You can just keep saying that no matter what. You could keep saying that after four thousand years of failure to discover a function.
Not only do you have no evidence that all ERVs are functional(much less that those few that are need to be fully intact ERV genomes to accomplish those functions), you’re also doing extremely poor philosophy of science here.
Effect =/= purpose. The “outside” has the effect of making the soles of my shoes dirty. That doesn’t mean that is it’s purpose.
You are shifting the burden and not addressed the issue. How do you support the single ancestor hypothesis for primates?
The null hypothesis is separate creation and that’s what the data currently supports until a mechanism that clearly explains the arrival of new genes is successfully demonstrated.
You have no clue what “null hypothesis” means or how statistical testing works. And I see you make no attempt to explain yourself. You have also been shown at least two mechanisms that explain the origin of new genes: gene duplication and recruitment of non-coding sequences.
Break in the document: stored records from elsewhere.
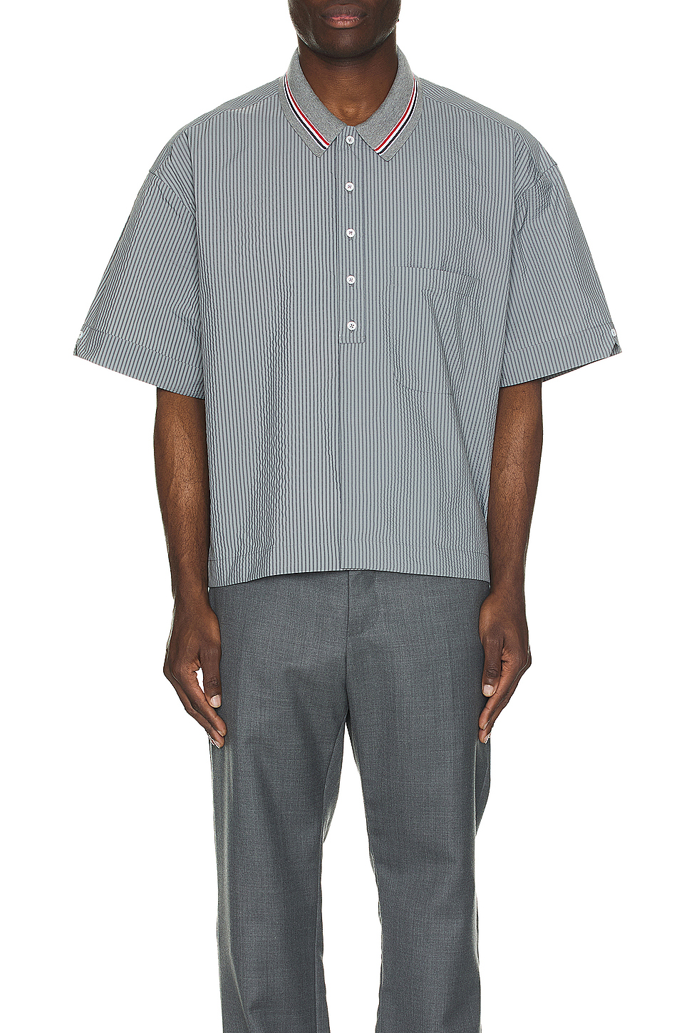 MANTH灰色泡泡纱衬衫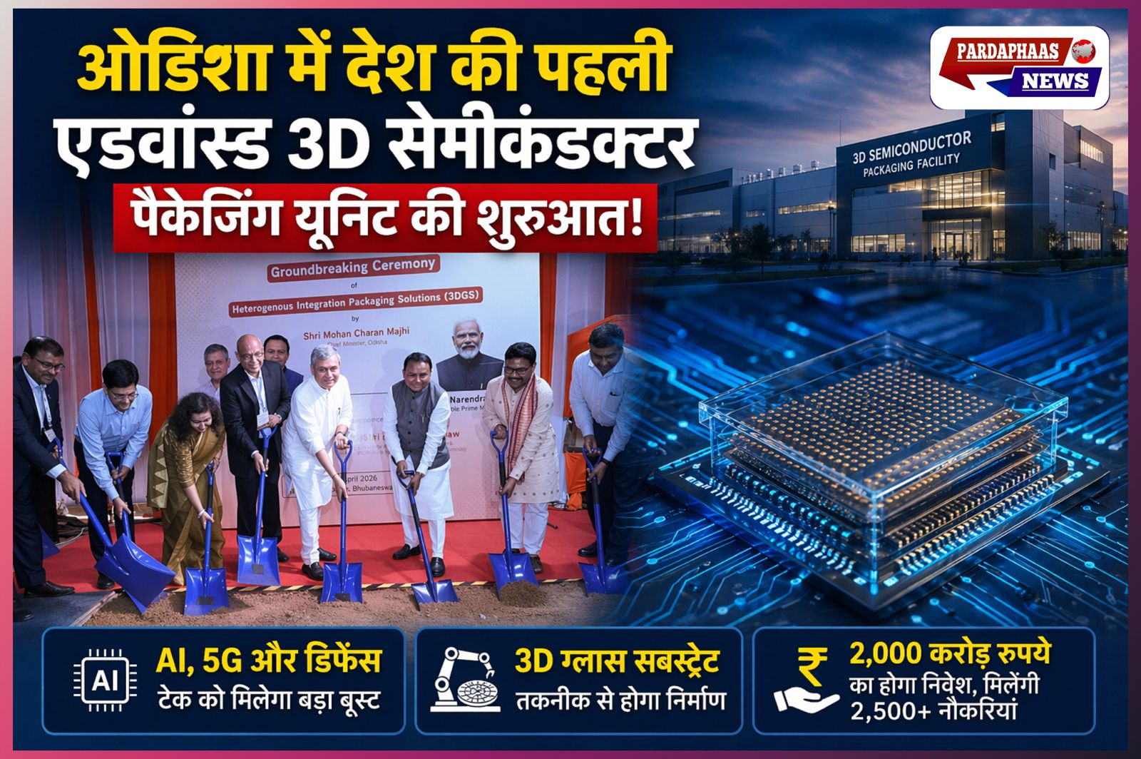ओडिशा की राजधानी भुवनेश्वर में रविवार को देश की पहली एडवांस्ड 3D सेमीकंडक्टर पैकेजिंग यूनिट की नींव रखी गई। यह परियोजना भारत के सेमीकंडक्टर इकोसिस्टम को मजबूत करने और उच्च तकनीक आधारित इलेक्ट्रॉनिक्स विनिर्माण को बढ़ावा देने की दिशा में एक महत्वपूर्ण कदम मानी जा रही है।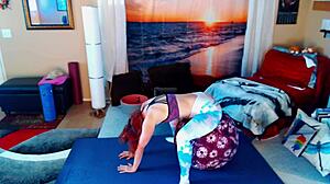 Redhead milf performs hip mobility yoga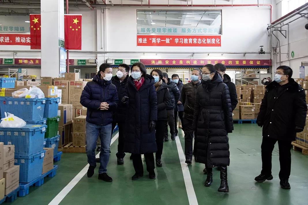 2月3日下午,副省长沈莹在省政府副秘书长李德喜,省市场监督管理局党组书记、局长刘小妹,省药品监督管理局党组书记、局长李军的陪同下视察MG电子免费试玩集团人民同泰物流配送中心(以下简称“MG电子免费试玩物流”),调研疫情防控期间防疫用品供应和药品运输配送等安全监管工作。MG电子免费试玩股份总经理徐海瑛、人民同泰董事长刘波、总经理朱卫东等相关人员陪同调研。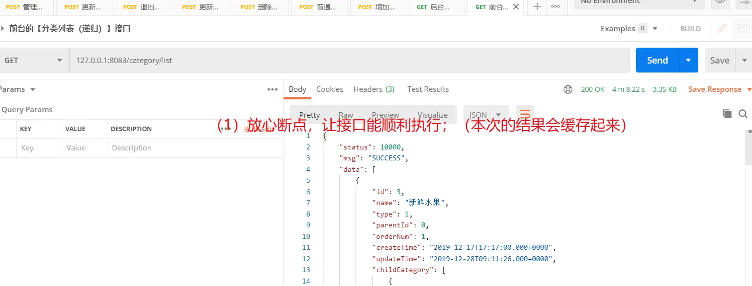 那么,我们放行断点,让其能顺利执行;(其实,这次执行成功后,获取的数据会保存到缓存中,但有效期只有30秒)

Tell me, how soon are you going to recycle your other stock oft-debunked objections? It seems to me it’s been an unusually long time since you responded to a debunking about gene gains and losses by saying, “well, that doesn’t explain why there are any genes in the firrrrrrst place.” It’s important, you know, to keep your stale pseudo-objections on a reasonable schedule.
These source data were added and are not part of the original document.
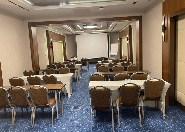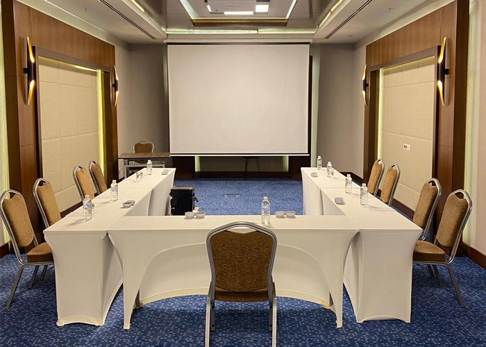 Salonumuz ses sistemi, ışıklandırma, projektör, kablosuz mikrofon ve hızlı internet gibi son teknoloji ekipmanlarla donatılmıştır.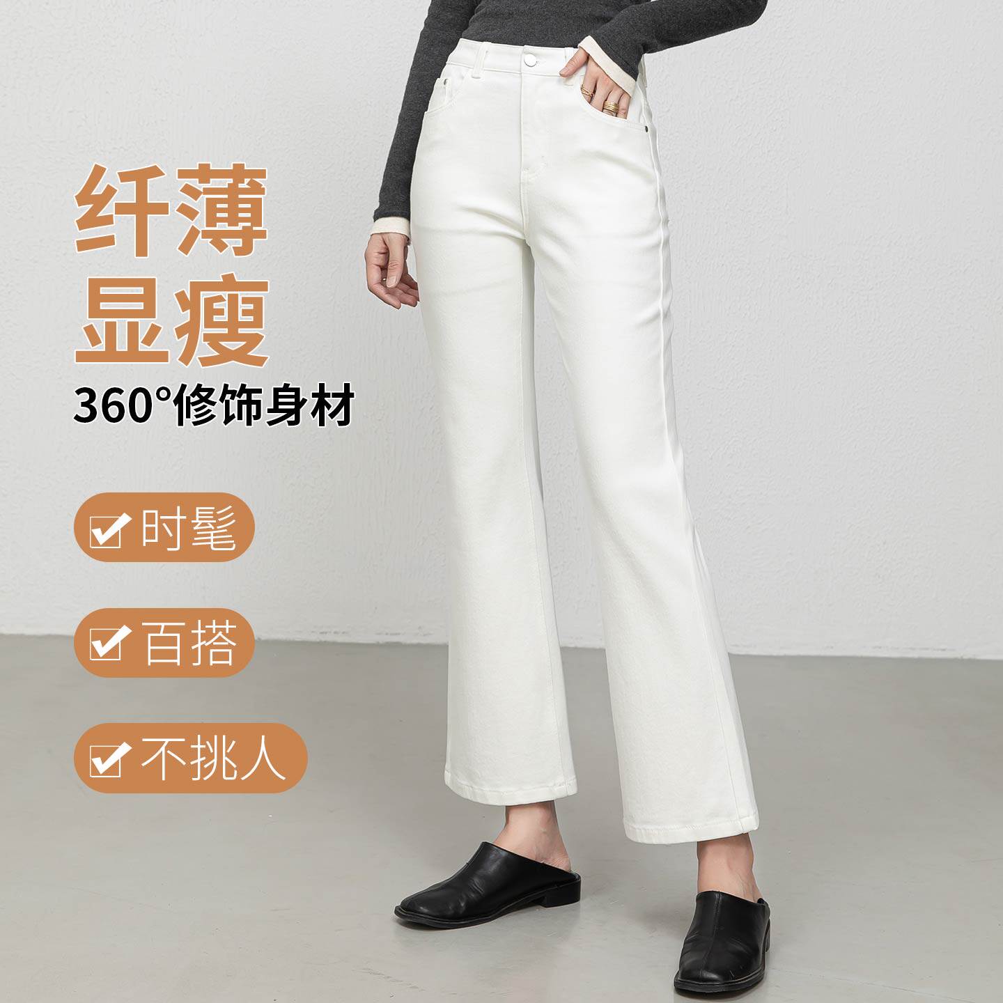 白色牛仔微喇裤女九分2026春秋季新款高腰显瘦直筒喇叭小个子裤子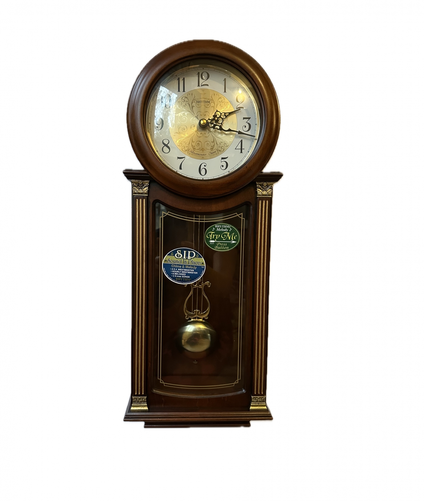 Корпус выполнен из дерева, тонирован в цвет Орех. Качественный японский механизм с запатентованной разработкой воспроизведения звука компании Rhythm «Sound In Place».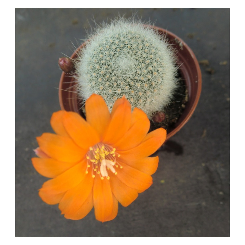 Drobný druh, husté, krátké bílé trny a oranžové květy. Původem z Bolívie. Expedujeme rostliny: Ø květináče 5,5cm.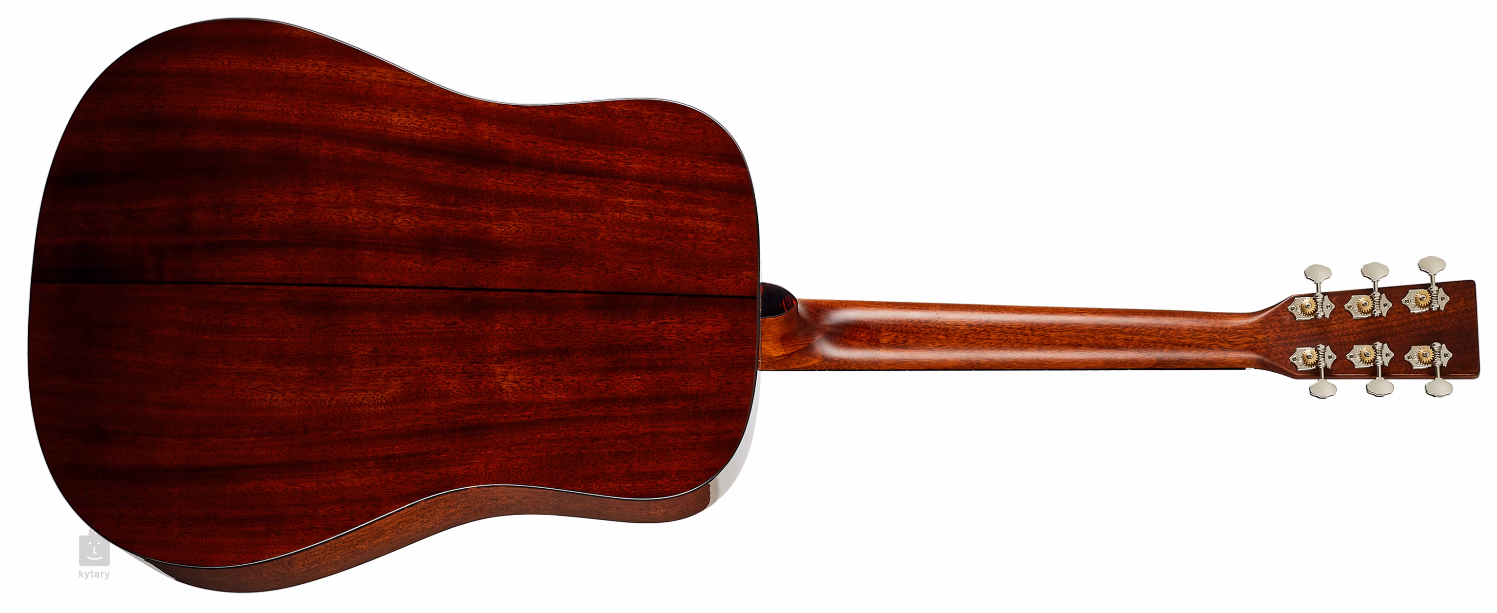 Struny są osadzone w chromowanych otwartych tunerach Grover. Frezy zerowe i siodełkowe wykonane z kości gwarantują idealne przenoszenie drgań na struny. Tradycyjne akcenty, takie jak binding na obwodzie, rozeta i imitacja żółwia w pickguardzie podkreślają ładne wykonanie.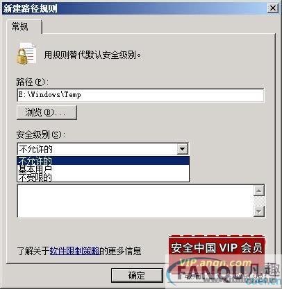 其次在该控制台窗口的左侧位置处,依次选中“计算机配置“/“Windows设置“/“安全设置“/“软件限制策略“/“其他规则“选项,同时用鼠标右键单击该选项,并执行快捷菜单中的“新建路径规则“命令,打开如图2所示的设置对话框;单击其中的“浏览“按钮,从弹出的文件选择对话框中,选中并导入Windows Server 2008系统的临时文件夹,同时再将“安全级别“参数设置为“不允许“,最后单击“确定“按钮保存好上述设置操作,这样一来网络病毒日后就不能躲藏到系统的临时文件夹中了。

The two main obstacles for the claim of gene gain to overcome is the sequence problem and the waiting time problem.
Gene duplication and recruitment of no-coding genes does not address either of these issues unless there is a deterministic mechanism that does the recruiting and directs the change.
You have ignored all requests to explain what the “sequence problem” is. The waiting time problem is just a form of the Texas sharpshooter. But of course these two bogus problems do not even relate to common descent vs. creation, as they could be dealt with (if they actually needed to be dealt with) by appeal to guided evolution.
Why isn’t random mutation sufficient? (And note again that this is just a distraction from the issue of common descent vs. separate creation.)